Identification of Functional Candidates amongst Hypothetical Proteins of Treponema pallidum ssp. pallidum

  • Ahmad Abu Turab Naqvi, 
  • Mohd Shahbaaz, 
  • Faizan Ahmad, 
  • Md. Imtaiyaz Hassan


14 May 2018: Naqvi AAT, Shahbaaz M, Ahmad F, Hassan MI (2018) Correction: Identification of Functional Candidates amongst Hypothetical Proteins of Treponema pallidum ssp. pallidum. PLOS ONE 13(5): e0197452. View correction


Syphilis is a globally occurring venereal disease, and its infection is propagated through sexual contact. The causative agent of syphilis, Treponema pallidum ssp. pallidum, a Gram-negative sphirochaete, is an obligate human parasite. Genome of T. pallidum ssp. pallidum SS14 strain (RefSeq NC_010741.1) encodes 1,027 proteins, of which 444 proteins are known as hypothetical proteins (HPs), i.e., proteins of unknown functions. Here, we performed functional annotation of HPs of T. pallidum ssp. pallidum using various database, domain architecture predictors, protein function annotators and clustering tools. We have analyzed the sequences of 444 HPs of T. pallidum ssp. pallidum and subsequently predicted the function of 207 HPs with a high level of confidence.

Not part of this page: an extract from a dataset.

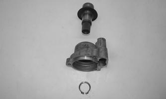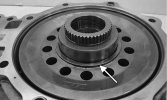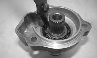 Assembling Input Shaft 1.Using an appropriate sized bearing driver, press a new bearing into the input shaft housing. Secure the bearing with the existing snap ring, making sure the sharp edge of the snap ring faces toward the outside.

However, functions of 237 HPs are predicted with less accuracy. We found various enzymes, transporters, binding proteins in the annotated group of HPs that may be possible molecular targets, facilitating for the survival of pathogen. Our comprehensive analysis helps to understand the mechanism of pathogenesis to provide many novel potential therapeutic interventions.


Treponema pallidum ssp. pallidum is experimentally investigated to be the cause of venereal syphilis, a globally existing sexually transmitted disease (STD) [14]. T. pallidum ssp. pallidum is a Gram-negative bacterium, classified as a member of family Spirochaetaceae [5]. The syphilis infection is frequently transmitted through sexual contacts, which results in the pandemic of this particular disease [6]. The primary effects of infection can be seen as skin lesions on the site of infection [4]. The secondary and tertiary stages of syphilis are assumed to be lethal because of the prevalence of the organism in the body of host [7,8]. The infection of syphilis is severe in nature as 12 million new cases of venereal syphilis were reported by World Health Organization in the year 1999 with most of the cases were from the developing countries [4].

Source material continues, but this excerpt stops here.